_DATA FOR ANALYSIS_.

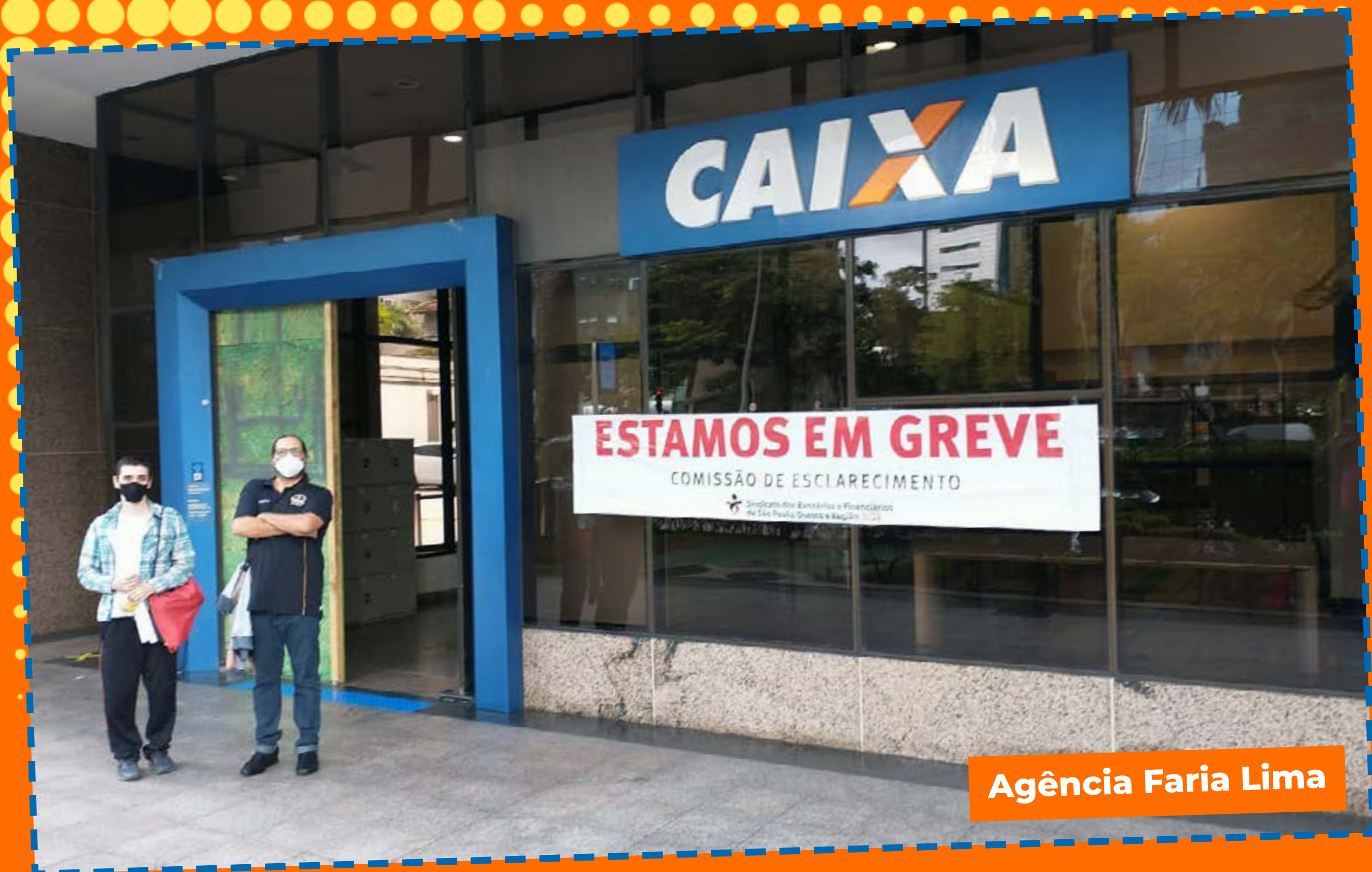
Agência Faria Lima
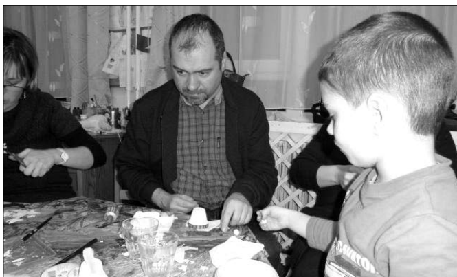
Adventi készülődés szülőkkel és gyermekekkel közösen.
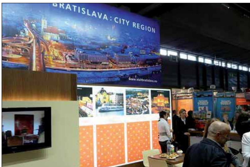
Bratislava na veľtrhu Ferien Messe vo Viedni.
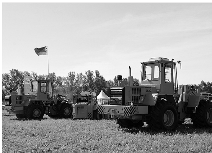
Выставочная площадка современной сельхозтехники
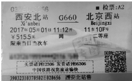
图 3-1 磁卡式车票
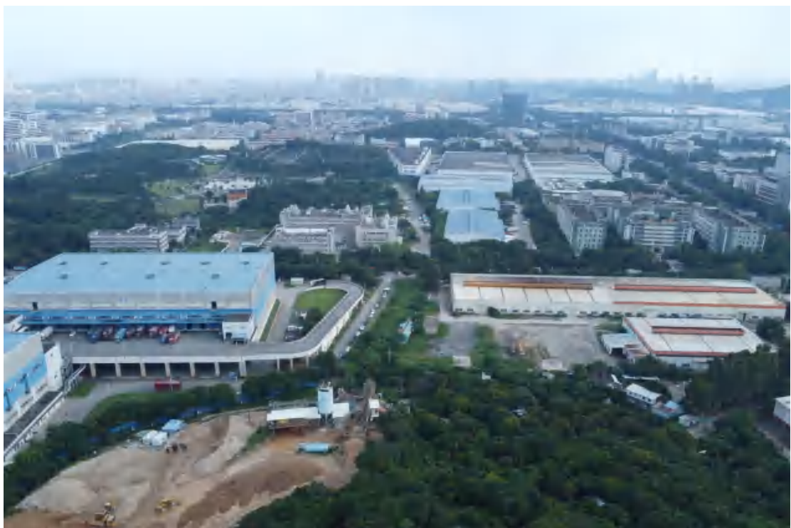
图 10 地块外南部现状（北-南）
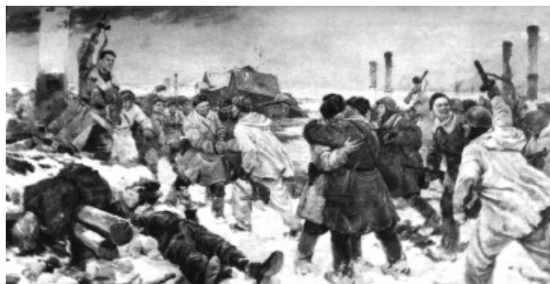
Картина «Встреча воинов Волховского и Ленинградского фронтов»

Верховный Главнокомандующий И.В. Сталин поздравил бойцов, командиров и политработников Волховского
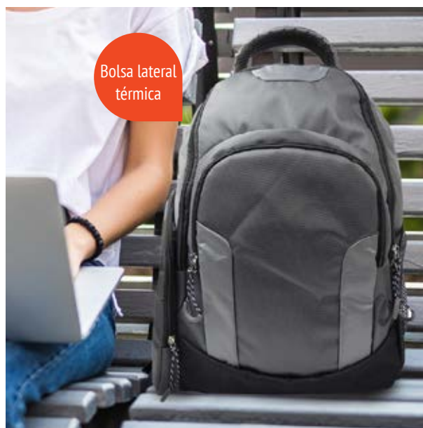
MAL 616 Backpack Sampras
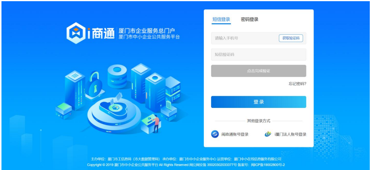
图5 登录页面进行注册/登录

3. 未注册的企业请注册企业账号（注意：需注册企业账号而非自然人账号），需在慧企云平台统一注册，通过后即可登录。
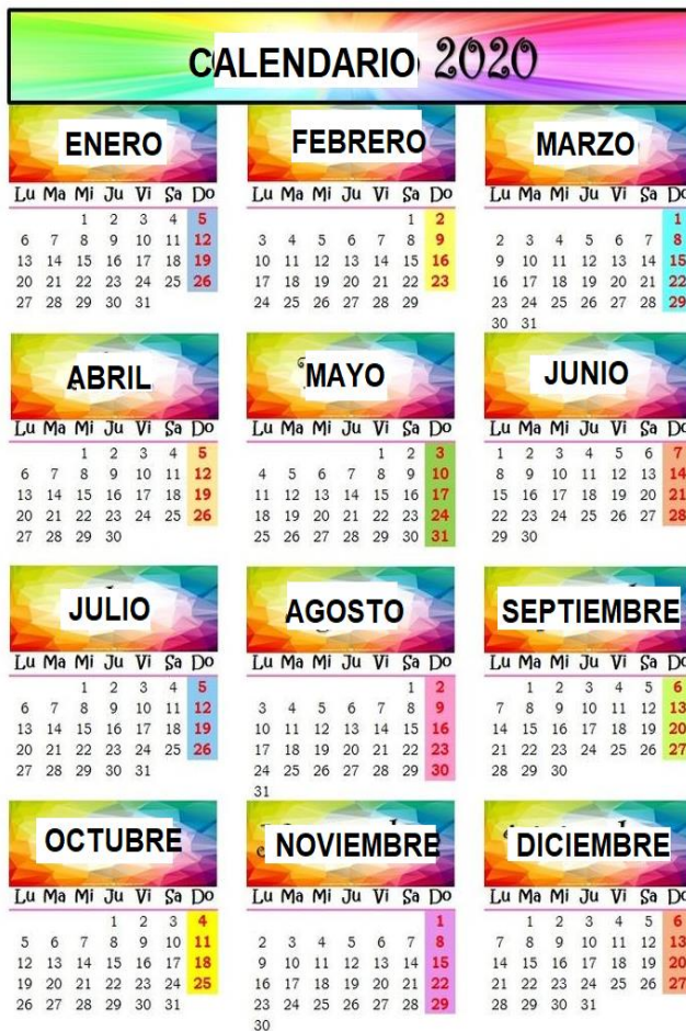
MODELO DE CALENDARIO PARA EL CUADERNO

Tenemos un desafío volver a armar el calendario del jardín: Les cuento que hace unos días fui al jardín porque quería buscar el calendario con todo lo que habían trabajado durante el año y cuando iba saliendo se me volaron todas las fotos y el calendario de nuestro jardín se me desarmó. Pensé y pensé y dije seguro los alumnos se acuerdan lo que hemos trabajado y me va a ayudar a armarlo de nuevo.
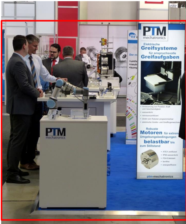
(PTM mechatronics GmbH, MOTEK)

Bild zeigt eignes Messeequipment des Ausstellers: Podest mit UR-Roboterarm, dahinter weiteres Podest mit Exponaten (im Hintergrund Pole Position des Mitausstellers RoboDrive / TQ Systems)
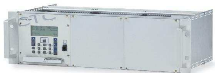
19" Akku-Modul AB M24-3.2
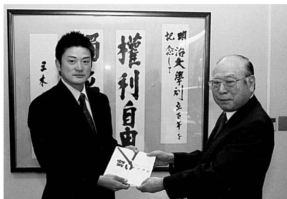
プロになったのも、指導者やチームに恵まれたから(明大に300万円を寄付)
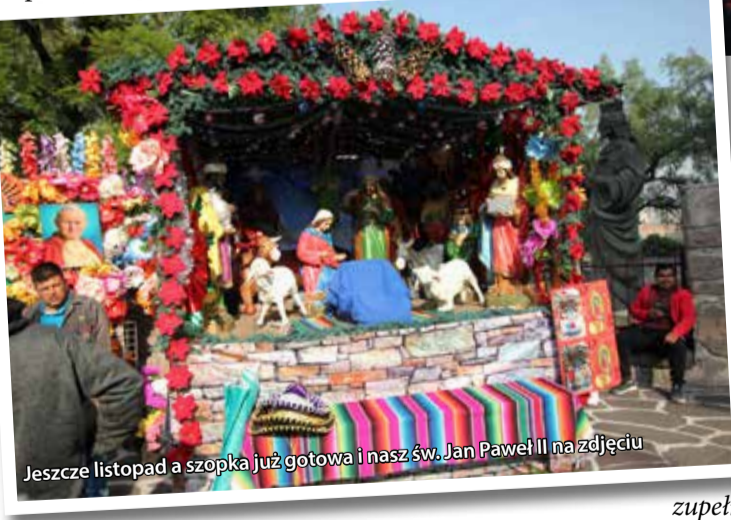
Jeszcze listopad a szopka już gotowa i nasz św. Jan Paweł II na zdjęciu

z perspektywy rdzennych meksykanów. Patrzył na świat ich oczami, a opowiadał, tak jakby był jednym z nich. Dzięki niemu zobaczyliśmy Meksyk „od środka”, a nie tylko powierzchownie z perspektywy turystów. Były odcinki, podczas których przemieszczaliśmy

_WHAT NEEDS TO BE DONE_.
Copy the records above from the first line through the line containing "MODELO DE CALENDARIO PARA EL CUADERNO", both included, and leave out any pictures.

_SOLVED PROBLEM_.
Agência Faria Lima
Adventi készülődés szülőkkel és gyermekekkel közösen.
Bratislava na veľtrhu Ferien Messe vo Viedni.
Выставочная площадка современной сельхозтехники
图 3-1 磁卡式车票
图 10 地块外南部现状（北-南）
Картина «Встреча воинов Волховского и Ленинградского фронтов»

Верховный Главнокомандующий И.В. Сталин поздравил бойцов, командиров и политработников Волховского
MAL 616 Backpack Sampras
图5 登录页面进行注册/登录

3. 未注册的企业请注册企业账号（注意：需注册企业账号而非自然人账号），需在慧企云平台统一注册，通过后即可登录。
MODELO DE CALENDARIO PARA EL CUADERNO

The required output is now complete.